Extracted data entries:

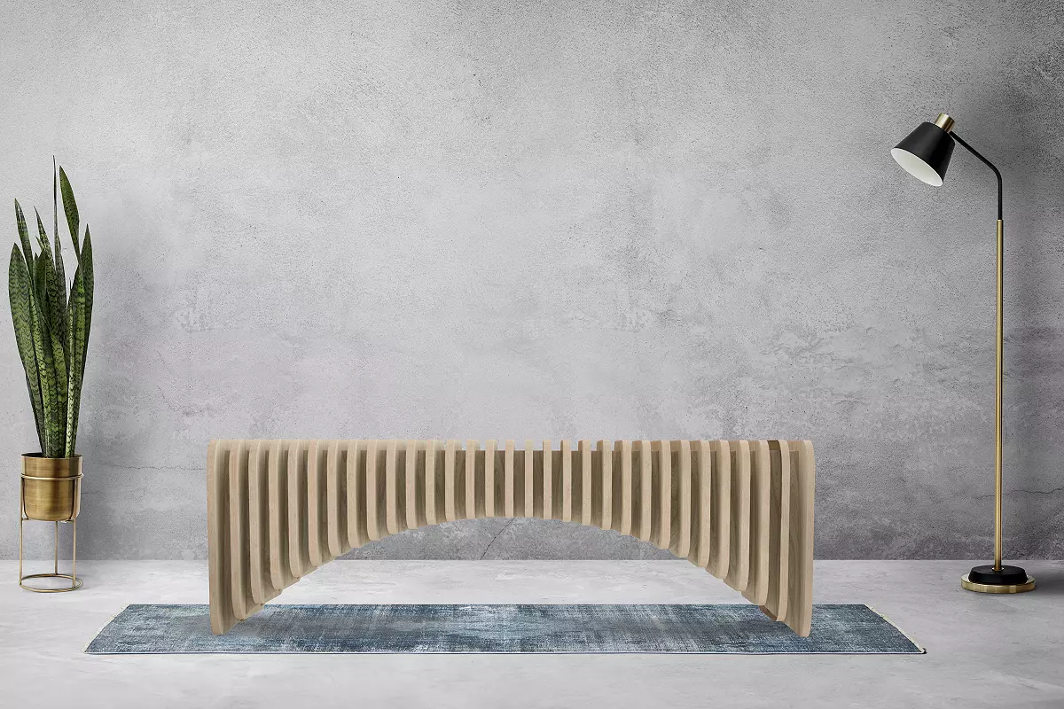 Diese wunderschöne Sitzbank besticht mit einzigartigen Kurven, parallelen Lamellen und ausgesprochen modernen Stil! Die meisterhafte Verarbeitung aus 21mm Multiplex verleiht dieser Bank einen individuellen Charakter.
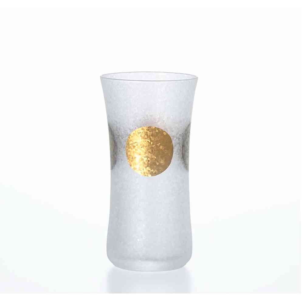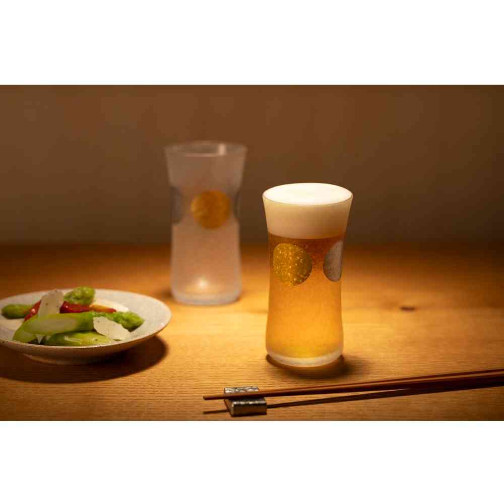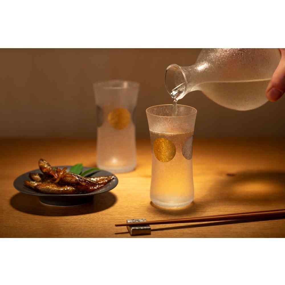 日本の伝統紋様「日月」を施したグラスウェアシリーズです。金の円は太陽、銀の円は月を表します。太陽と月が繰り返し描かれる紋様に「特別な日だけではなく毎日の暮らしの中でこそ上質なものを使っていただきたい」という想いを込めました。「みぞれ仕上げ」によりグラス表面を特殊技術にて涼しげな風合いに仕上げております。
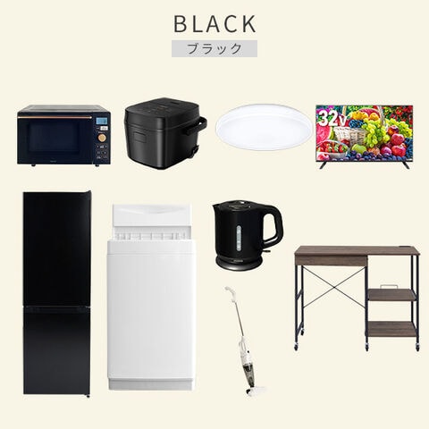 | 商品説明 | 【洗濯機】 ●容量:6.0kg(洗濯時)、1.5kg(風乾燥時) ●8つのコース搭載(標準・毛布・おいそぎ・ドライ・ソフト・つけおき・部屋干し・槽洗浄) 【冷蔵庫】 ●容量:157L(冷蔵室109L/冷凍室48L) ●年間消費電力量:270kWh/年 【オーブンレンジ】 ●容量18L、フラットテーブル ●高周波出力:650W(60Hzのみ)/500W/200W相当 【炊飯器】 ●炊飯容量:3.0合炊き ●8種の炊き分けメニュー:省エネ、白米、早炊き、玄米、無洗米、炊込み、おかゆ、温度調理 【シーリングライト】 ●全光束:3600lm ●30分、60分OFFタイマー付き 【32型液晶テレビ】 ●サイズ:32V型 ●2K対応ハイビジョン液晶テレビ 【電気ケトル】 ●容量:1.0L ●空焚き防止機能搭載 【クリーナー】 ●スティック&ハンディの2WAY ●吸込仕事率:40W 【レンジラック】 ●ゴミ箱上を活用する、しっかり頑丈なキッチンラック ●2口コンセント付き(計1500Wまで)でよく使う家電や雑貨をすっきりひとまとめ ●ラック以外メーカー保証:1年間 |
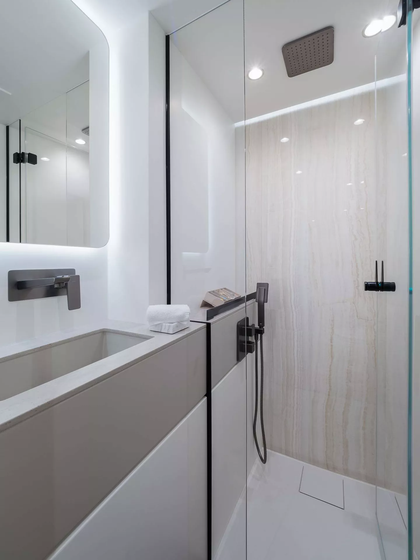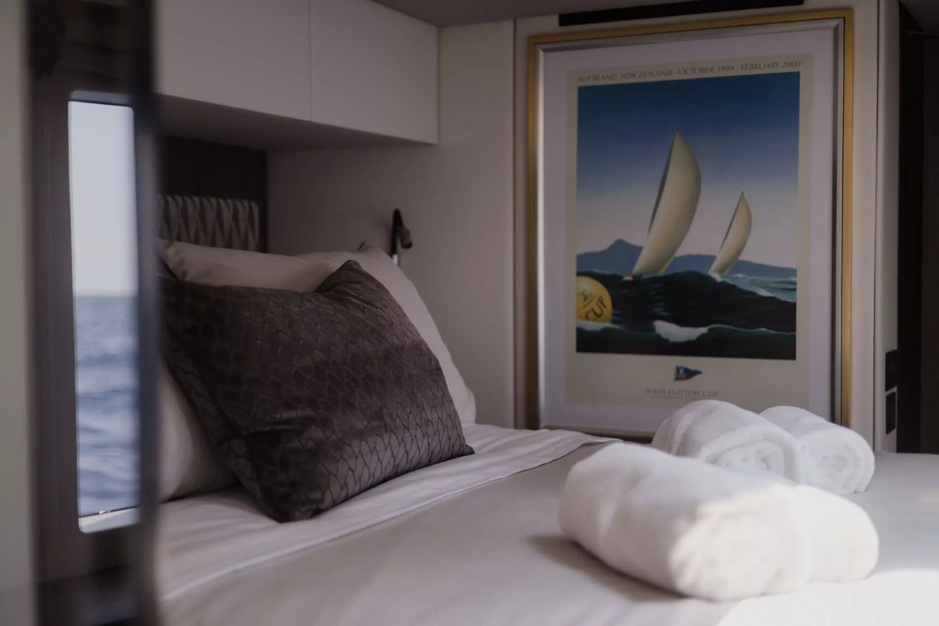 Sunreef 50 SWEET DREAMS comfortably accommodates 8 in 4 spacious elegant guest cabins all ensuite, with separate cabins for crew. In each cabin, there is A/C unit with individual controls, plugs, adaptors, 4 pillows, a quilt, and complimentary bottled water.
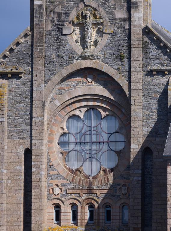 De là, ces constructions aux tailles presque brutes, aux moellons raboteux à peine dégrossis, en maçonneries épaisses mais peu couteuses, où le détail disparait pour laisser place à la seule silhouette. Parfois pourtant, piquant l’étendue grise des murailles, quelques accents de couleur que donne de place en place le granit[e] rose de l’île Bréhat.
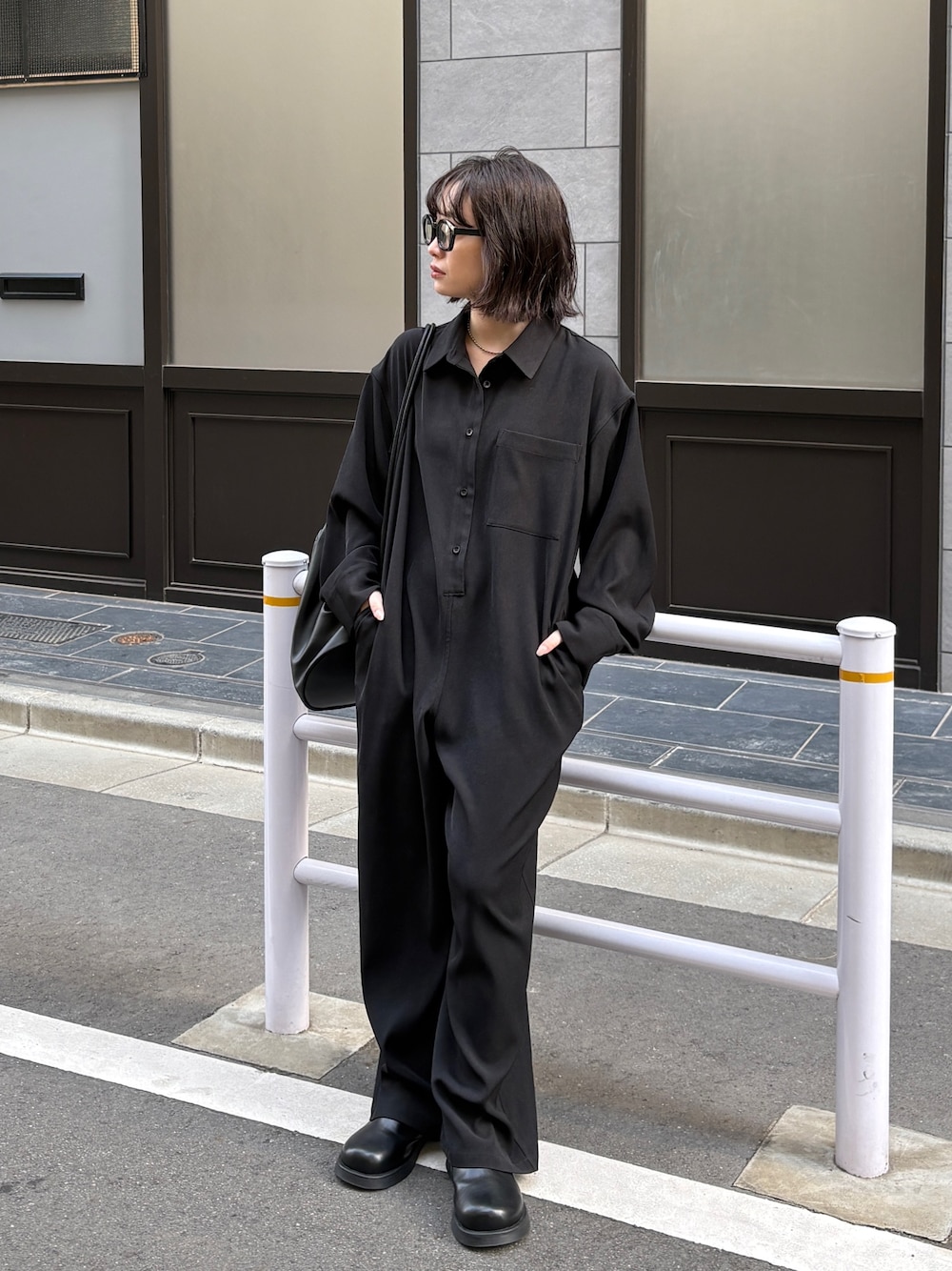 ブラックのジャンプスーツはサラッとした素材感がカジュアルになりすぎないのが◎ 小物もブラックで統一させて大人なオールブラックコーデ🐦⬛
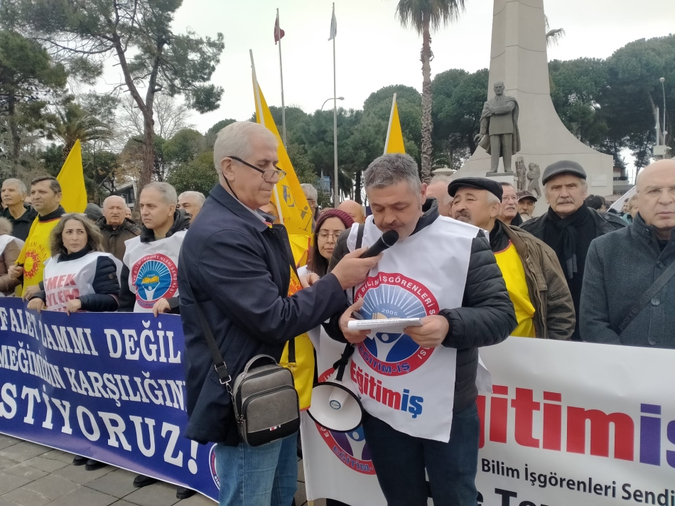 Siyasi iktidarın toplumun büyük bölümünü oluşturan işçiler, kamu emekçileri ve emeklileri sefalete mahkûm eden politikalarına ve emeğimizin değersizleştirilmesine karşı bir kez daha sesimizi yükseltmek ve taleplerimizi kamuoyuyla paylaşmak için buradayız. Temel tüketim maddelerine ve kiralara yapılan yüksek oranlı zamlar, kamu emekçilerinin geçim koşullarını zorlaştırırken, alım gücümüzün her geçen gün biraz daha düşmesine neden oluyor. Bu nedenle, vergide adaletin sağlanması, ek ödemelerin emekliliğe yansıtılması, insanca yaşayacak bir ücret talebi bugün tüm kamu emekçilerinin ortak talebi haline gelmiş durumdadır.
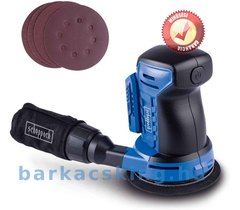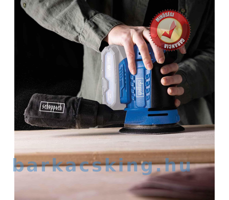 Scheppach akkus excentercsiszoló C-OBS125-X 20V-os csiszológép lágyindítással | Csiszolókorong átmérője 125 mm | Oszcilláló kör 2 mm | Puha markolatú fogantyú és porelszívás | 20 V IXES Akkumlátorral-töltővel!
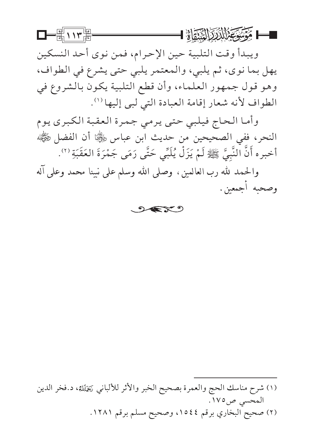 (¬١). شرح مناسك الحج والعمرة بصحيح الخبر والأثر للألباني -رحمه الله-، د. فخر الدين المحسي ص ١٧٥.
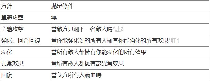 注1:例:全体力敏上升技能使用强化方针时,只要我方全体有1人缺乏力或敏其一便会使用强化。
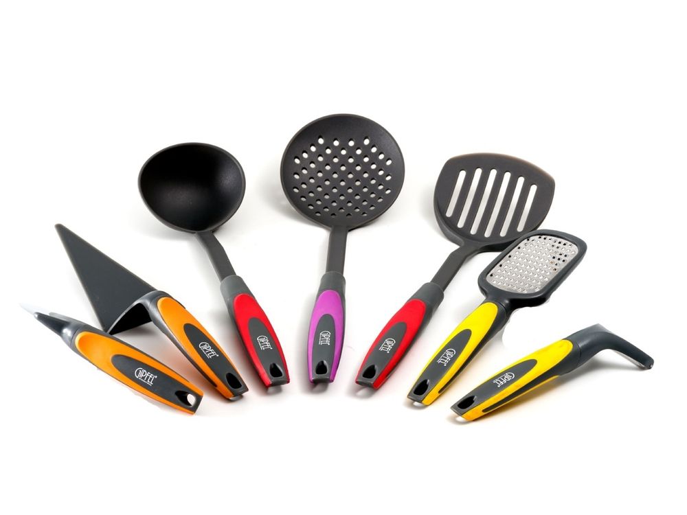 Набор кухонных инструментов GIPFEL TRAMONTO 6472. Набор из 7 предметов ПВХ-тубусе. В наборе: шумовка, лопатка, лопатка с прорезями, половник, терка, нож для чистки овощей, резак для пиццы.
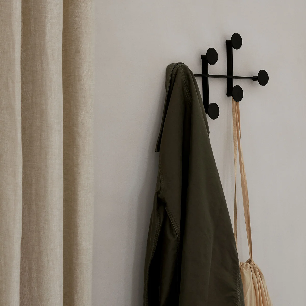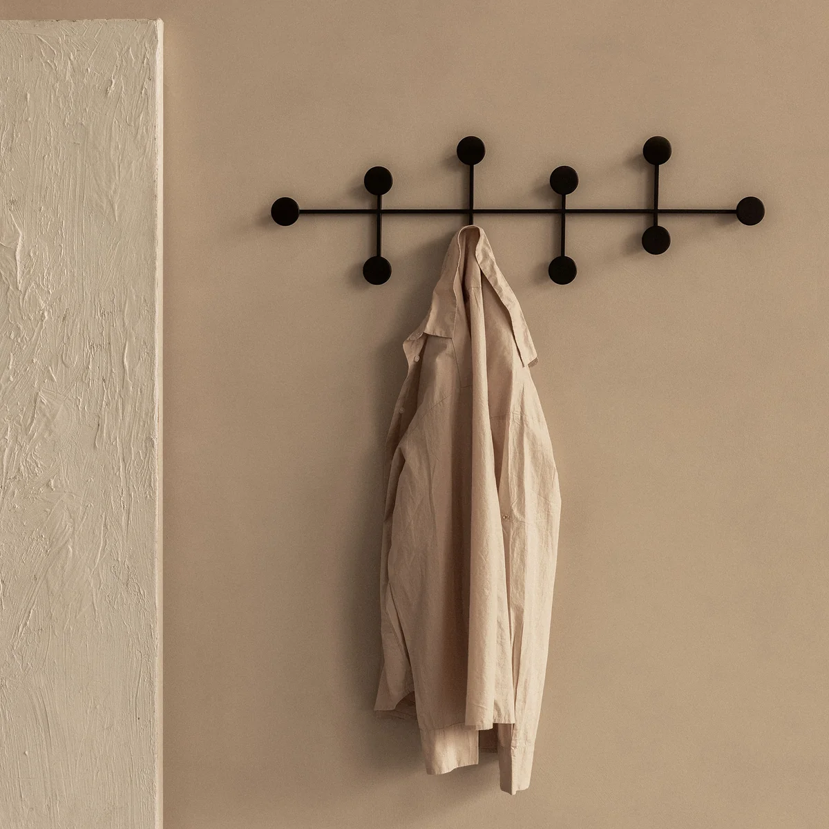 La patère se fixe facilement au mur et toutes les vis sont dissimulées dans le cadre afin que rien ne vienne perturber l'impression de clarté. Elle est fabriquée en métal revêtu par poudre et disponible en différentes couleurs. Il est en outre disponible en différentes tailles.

▸ **What is expected**
Only the pictures stay out; the rest of the entries above must be written out exactly.

▸ **Result below**
 Diese wunderschöne Sitzbank besticht mit einzigartigen Kurven, parallelen Lamellen und ausgesprochen modernen Stil! Die meisterhafte Verarbeitung aus 21mm Multiplex verleiht dieser Bank einen individuellen Charakter.
 日本の伝統紋様「日月」を施したグラスウェアシリーズです。金の円は太陽、銀の円は月を表します。太陽と月が繰り返し描かれる紋様に「特別な日だけではなく毎日の暮らしの中でこそ上質なものを使っていただきたい」という想いを込めました。「みぞれ仕上げ」によりグラス表面を特殊技術にて涼しげな風合いに仕上げております。
 | 商品説明 | 【洗濯機】 ●容量:6.0kg(洗濯時)、1.5kg(風乾燥時) ●8つのコース搭載(標準・毛布・おいそぎ・ドライ・ソフト・つけおき・部屋干し・槽洗浄) 【冷蔵庫】 ●容量:157L(冷蔵室109L/冷凍室48L) ●年間消費電力量:270kWh/年 【オーブンレンジ】 ●容量18L、フラットテーブル ●高周波出力:650W(60Hzのみ)/500W/200W相当 【炊飯器】 ●炊飯容量:3.0合炊き ●8種の炊き分けメニュー:省エネ、白米、早炊き、玄米、無洗米、炊込み、おかゆ、温度調理 【シーリングライト】 ●全光束:3600lm ●30分、60分OFFタイマー付き 【32型液晶テレビ】 ●サイズ:32V型 ●2K対応ハイビジョン液晶テレビ 【電気ケトル】 ●容量:1.0L ●空焚き防止機能搭載 【クリーナー】 ●スティック&ハンディの2WAY ●吸込仕事率:40W 【レンジラック】 ●ゴミ箱上を活用する、しっかり頑丈なキッチンラック ●2口コンセント付き(計1500Wまで)でよく使う家電や雑貨をすっきりひとまとめ ●ラック以外メーカー保証:1年間 |
 Sunreef 50 SWEET DREAMS comfortably accommodates 8 in 4 spacious elegant guest cabins all ensuite, with separate cabins for crew. In each cabin, there is A/C unit with individual controls, plugs, adaptors, 4 pillows, a quilt, and complimentary bottled water.
 De là, ces constructions aux tailles presque brutes, aux moellons raboteux à peine dégrossis, en maçonneries épaisses mais peu couteuses, où le détail disparait pour laisser place à la seule silhouette. Parfois pourtant, piquant l’étendue grise des murailles, quelques accents de couleur que donne de place en place le granit[e] rose de l’île Bréhat.
 ブラックのジャンプスーツはサラッとした素材感がカジュアルになりすぎないのが◎ 小物もブラックで統一させて大人なオールブラックコーデ🐦⬛
 Siyasi iktidarın toplumun büyük bölümünü oluşturan işçiler, kamu emekçileri ve emeklileri sefalete mahkûm eden politikalarına ve emeğimizin değersizleştirilmesine karşı bir kez daha sesimizi yükseltmek ve taleplerimizi kamuoyuyla paylaşmak için buradayız. Temel tüketim maddelerine ve kiralara yapılan yüksek oranlı zamlar, kamu emekçilerinin geçim koşullarını zorlaştırırken, alım gücümüzün her geçen gün biraz daha düşmesine neden oluyor. Bu nedenle, vergide adaletin sağlanması, ek ödemelerin emekliliğe yansıtılması, insanca yaşayacak bir ücret talebi bugün tüm kamu emekçilerinin ortak talebi haline gelmiş durumdadır.
 Scheppach akkus excentercsiszoló C-OBS125-X 20V-os csiszológép lágyindítással | Csiszolókorong átmérője 125 mm | Oszcilláló kör 2 mm | Puha markolatú fogantyú és porelszívás | 20 V IXES Akkumlátorral-töltővel!
 (¬١). شرح مناسك الحج والعمرة بصحيح الخبر والأثر للألباني -رحمه الله-، د. فخر الدين المحسي ص ١٧٥.
 注1:例:全体力敏上升技能使用强化方针时,只要我方全体有1人缺乏力或敏其一便会使用强化。
 Набор кухонных инструментов GIPFEL TRAMONTO 6472. Набор из 7 предметов ПВХ-тубусе. В наборе: шумовка, лопатка, лопатка с прорезями, половник, терка, нож для чистки овощей, резак для пиццы.
 La patère se fixe facilement au mur et toutes les vis sont dissimulées dans le cadre afin que rien ne vienne perturber l'impression de clarté. Elle est fabriquée en métal revêtu par poudre et disponible en différentes couleurs. Il est en outre disponible en différentes tailles.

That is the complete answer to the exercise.